RAW DATA:

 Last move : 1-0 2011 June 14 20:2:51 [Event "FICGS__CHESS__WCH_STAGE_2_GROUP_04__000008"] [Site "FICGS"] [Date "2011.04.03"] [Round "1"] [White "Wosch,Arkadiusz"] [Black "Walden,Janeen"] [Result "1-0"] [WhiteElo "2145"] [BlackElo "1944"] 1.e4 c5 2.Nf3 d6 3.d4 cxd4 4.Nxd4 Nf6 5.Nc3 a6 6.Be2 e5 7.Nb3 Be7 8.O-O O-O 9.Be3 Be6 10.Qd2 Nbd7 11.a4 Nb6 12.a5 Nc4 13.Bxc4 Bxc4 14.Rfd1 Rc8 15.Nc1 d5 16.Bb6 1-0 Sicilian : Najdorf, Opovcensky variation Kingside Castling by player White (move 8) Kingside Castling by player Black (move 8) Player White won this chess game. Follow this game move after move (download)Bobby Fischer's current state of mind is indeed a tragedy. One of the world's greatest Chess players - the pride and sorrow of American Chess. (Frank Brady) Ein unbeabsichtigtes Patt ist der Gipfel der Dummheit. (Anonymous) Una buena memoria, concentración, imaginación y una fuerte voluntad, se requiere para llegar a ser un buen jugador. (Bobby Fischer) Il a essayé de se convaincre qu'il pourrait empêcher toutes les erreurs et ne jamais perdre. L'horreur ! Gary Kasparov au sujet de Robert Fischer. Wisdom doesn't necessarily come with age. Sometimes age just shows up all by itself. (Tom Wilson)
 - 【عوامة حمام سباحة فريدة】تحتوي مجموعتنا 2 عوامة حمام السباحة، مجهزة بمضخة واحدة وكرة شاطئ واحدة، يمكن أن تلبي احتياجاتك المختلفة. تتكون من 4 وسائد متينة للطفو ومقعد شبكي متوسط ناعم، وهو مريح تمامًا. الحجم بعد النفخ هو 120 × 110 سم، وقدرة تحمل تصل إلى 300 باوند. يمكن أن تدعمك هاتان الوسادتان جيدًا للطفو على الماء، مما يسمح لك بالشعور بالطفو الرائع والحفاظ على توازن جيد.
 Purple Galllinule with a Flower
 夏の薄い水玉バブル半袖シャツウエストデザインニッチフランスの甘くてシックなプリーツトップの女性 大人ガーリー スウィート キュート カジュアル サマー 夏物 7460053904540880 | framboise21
--
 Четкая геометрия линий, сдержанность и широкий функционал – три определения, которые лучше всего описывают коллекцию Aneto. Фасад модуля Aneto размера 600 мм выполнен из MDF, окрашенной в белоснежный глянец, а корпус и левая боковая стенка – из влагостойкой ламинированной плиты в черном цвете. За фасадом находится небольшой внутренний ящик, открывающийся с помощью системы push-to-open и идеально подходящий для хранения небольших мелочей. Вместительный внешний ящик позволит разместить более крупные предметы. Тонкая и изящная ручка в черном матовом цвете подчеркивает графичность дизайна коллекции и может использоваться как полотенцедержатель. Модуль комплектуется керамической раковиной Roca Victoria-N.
--
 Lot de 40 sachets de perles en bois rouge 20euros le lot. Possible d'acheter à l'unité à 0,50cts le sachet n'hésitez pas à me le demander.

WORK TO BE COMPLETED:
Only one part of the material above is to be transcribed, namely the lines starting with the line that has "- 【عوامة حمام" and going on through the line that has "夏の薄い水玉バブル半袖シャツウエストデザインニッチフランスの甘くてシックなプリーツトップの女性 大人ガーリー スウィート", exactly as they stand.

RESULT:
 - 【عوامة حمام سباحة فريدة】تحتوي مجموعتنا 2 عوامة حمام السباحة، مجهزة بمضخة واحدة وكرة شاطئ واحدة، يمكن أن تلبي احتياجاتك المختلفة. تتكون من 4 وسائد متينة للطفو ومقعد شبكي متوسط ناعم، وهو مريح تمامًا. الحجم بعد النفخ هو 120 × 110 سم، وقدرة تحمل تصل إلى 300 باوند. يمكن أن تدعمك هاتان الوسادتان جيدًا للطفو على الماء، مما يسمح لك بالشعور بالطفو الرائع والحفاظ على توازن جيد.
 Purple Galllinule with a Flower
 夏の薄い水玉バブル半袖シャツウエストデザインニッチフランスの甘くてシックなプリーツトップの女性 大人ガーリー スウィート キュート カジュアル サマー 夏物 7460053904540880 | framboise21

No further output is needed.